Exploring the OMOP CDM vocabulary tables

In this vignette, we will explore the functions that help us delve into the vocabularies used in our database. These functions allow us to explore the different vocabularies and concepts characteristics.

First of all, we will load the required packages and a eunomia database.

library(DBI)
library(dplyr)
library(CDMConnector)
library(CodelistGenerator)

# Connect to the database and create the cdm object
con <- dbConnect(duckdb::duckdb(), 
                      eunomiaDir("synpuf-1k", "5.3"))
cdm <- cdmFromCon(con = con, 
                  cdmName = "Eunomia Synpuf",
                  cdmSchema   = "main",
                  writeSchema = "main", 
                  achillesSchema = "main")

Note that we have included achilles tables in our cdm reference, which are used for some of the analyses.

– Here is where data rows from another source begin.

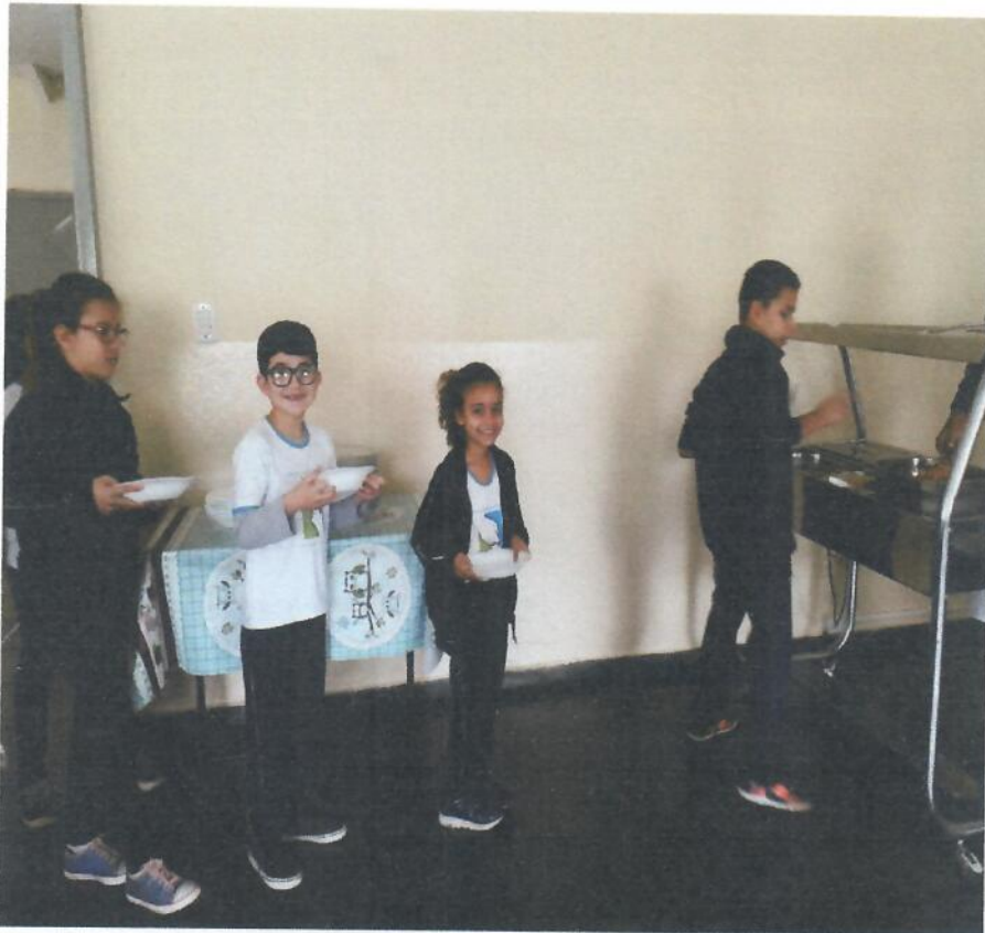
Uso dos pratos nas refeições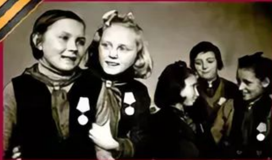
4-классницы, «За оборону Ленинграда»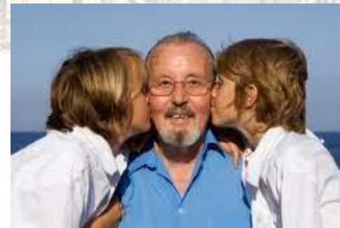
День дідуся (Польща)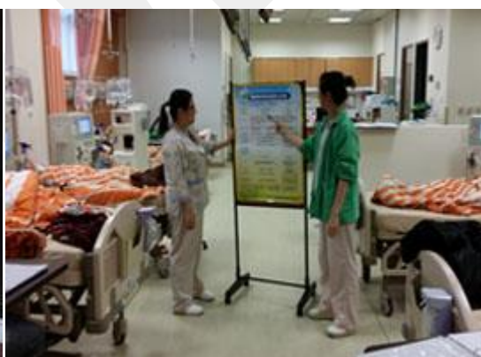
定期安排衛教給予日常生活上的指導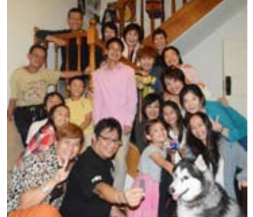
メンバー宅で懇親会を開催

4月はイベントがなく、スクールホリデーのため学校での練習もお休みでした。その代わりに、4月11日(土)にソーラン踊り隊の親睦会を、メンバーの自宅で行ないました。参加者持ち寄りの料理と、手作りのたこ焼きを頂き、大いに親睦・交流を深めました。今月は例年参加しているBuddha's Birthday Festival(9日)、鯉の品評会(17日)などでパフォーマンスします。今年も数々のイベントに参加して、日本の踊りを披露していきます。皆さん応援よろしくお願いします。もちろん一緒に踊りたい方、大歓迎です！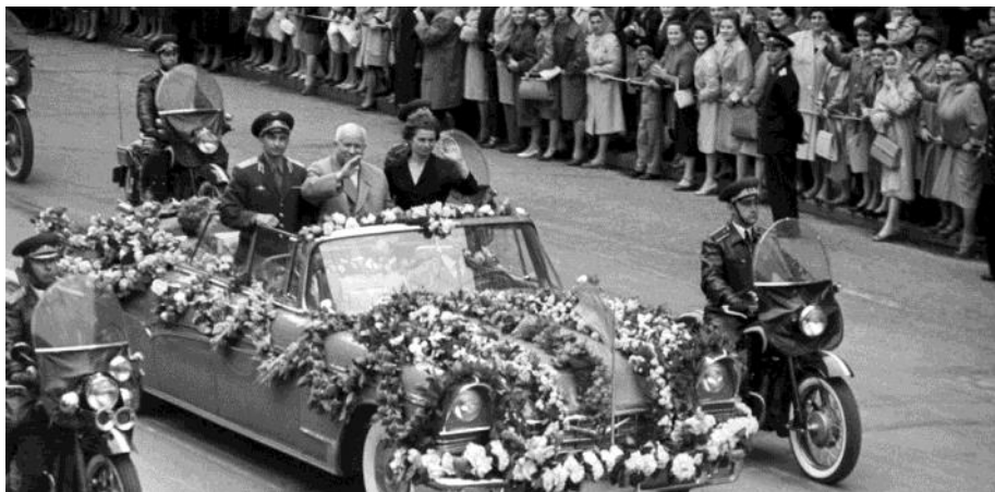
Москва. 1-й секретарь ЦК КПСС Никита Хрущев (в центре) и космонавты Валерий Быковский и Валентина Терешкова. 1963 год

Но все это было полным бредом, потому что пилоты «Востоков» катапультировались из своих спускаемых аппаратов в специальных креслах на высоте 7 километров. Терешкова отстегнулась от кресла на высоте 4 километра и приземлялась уже на парашюте. Другая версия приземления была тщательно отредактирована: под прицелом кинокамер Валя пьет молоко, за процессом наблюдают сотни зрителей. Но это так называемая реконструкция, ее снимали на следующий день после приземления.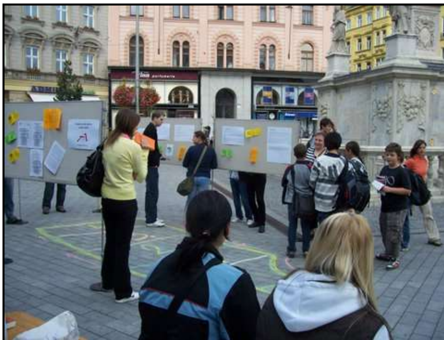
Cesta na dno lahve a zase zpět Akce pro širokou veřejnost v rámci brněnských dnů pro zdraví.

A Kluby se podílí i na osvětové činnosti ve svém regionu, v roce 2009 to bylo zejména prostřednictvím tvorby osvětových akcí a materiálů pro příbuzné a blízké závislých osob pro osoby potýkající se se závislostí.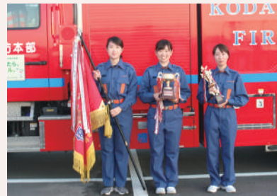
上里町役場チーム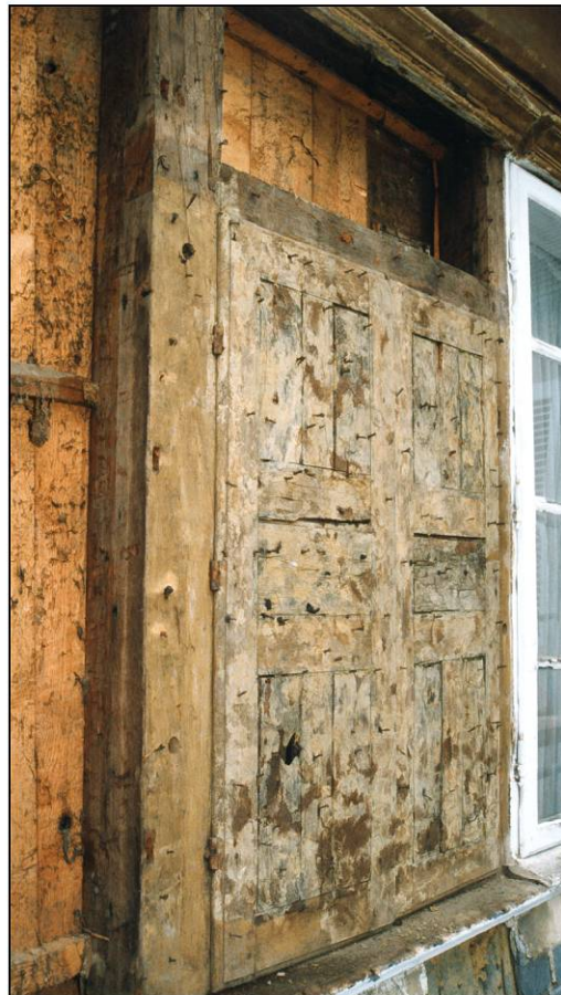
Fig. 2.4. Fenêtre (volets fermés)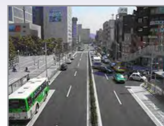
●特別区道243号線道路設計 (港区品川駅前)

当部門では、人と自然の共存及びユニバーサルデザイン等に配慮した計画及び設計をご提案し、人や自然に優しい快適な生活環境づくりを目指しています。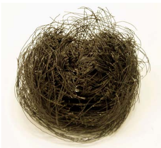
24. Summa summarum. Draht 11 x 16 x 16 cm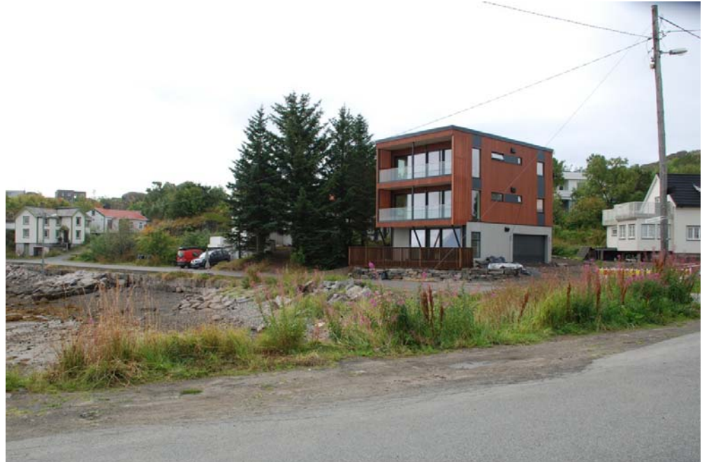
Sørenskrivergata 12 et nybygg fra 2019

Notat om arkitektur og byggeskikk i området rundt Smedvika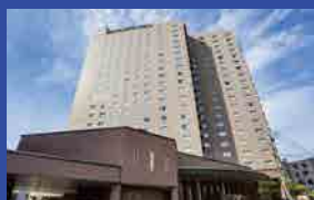
札幌エクセルホテル東急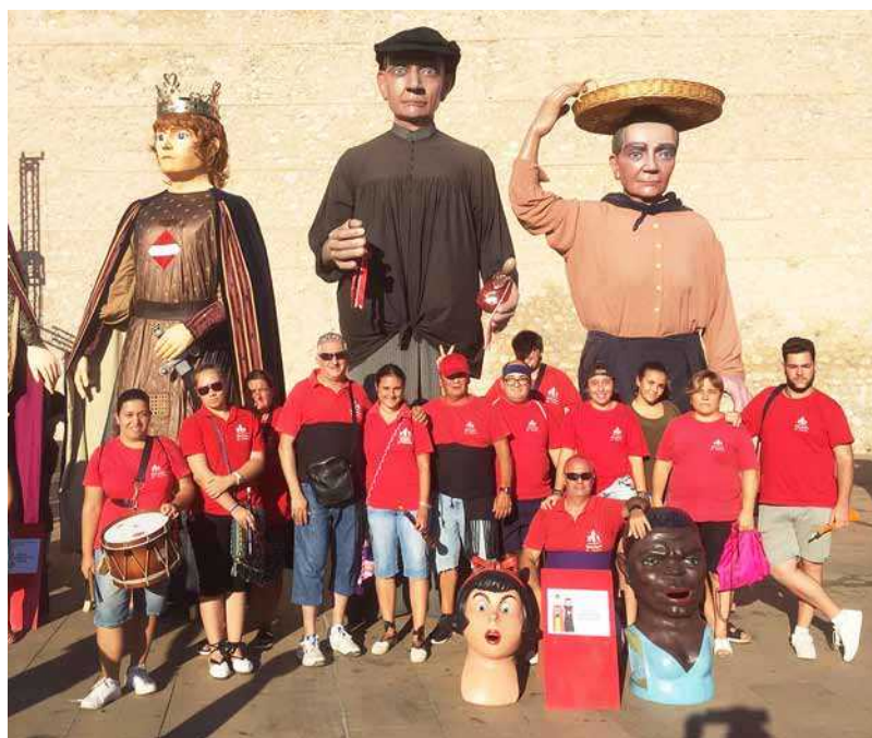
Seguint amb el cap de setmana, el diumenge 13 d'agost, la colla de Nanos i Gegants de Vinaròs va seguir de viatge, desplaçant-se fins a l'Hospitalet de l'Infant celebrant la XXXª trobada de gegants dels nostres companys.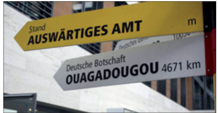
Ouagadougou ist die Hauptstadt von Burkina Faso in Westafrika.

Der Freiwilligendienst des Auswärtigen Amts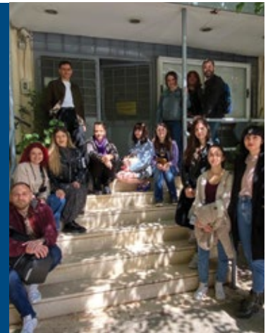
▶ Επίσκεψη φοιτητών Ψυχολογίας στο Εγκληματολογικό Μουσείο

Vocabulary characteristics

We can first start by getting the vocabulary version of our CDM object:

getVocabVersion(cdm)

And the available vocabularies, which correspond to the column vocabulary_id from the concept table:

getVocabularies(cdm)

Domains

We can also explore the domains that our CDM object has, which is the column domain_id from the concept table:

getDomains(cdm)

or restrict the search among standard concepts:

getDomains(cdm, 
           standardConcept = "Standard")

Concept class

We can further explore the different classes that we have (reported in concept_class_id column from the concept table):

getConceptClassId(cdm)

Or restrict the search among non-standard concepts with condition domain:

getConceptClassId(cdm, 
                  standardConcept = "Non-standard", 
                  domain = "Condition")

Relationships

We can also explore the different relationships that are present in our CDM:

getRelationshipId(cdm)

Or narrow the search among standard concepts with domain observation:

getRelationshipId(cdm,
                  standardConcept1 = "standard",
                  standardConcept2 = "standard",
                  domains1 = "observation",
                  domains2 = "observation")

Codes in use

Finally, we can easily get those codes that are in use (that means, that are recorded at least one time in the database):

result <- sourceCodesInUse(cdm)
head(result, n = 5) # Only the first 5 will be shown

Notice that achilles tables are used in this function. If you CDM does not have them loaded, an empty result will be returned.

And we can restrict the search within specific CDM tables (for example, condition_occurrence and device_exposure table):

result <- sourceCodesInUse(cdm, table = c("device_exposure", "condition_occurrence"))
head(result, n = 5) # Only the first 5 will be shown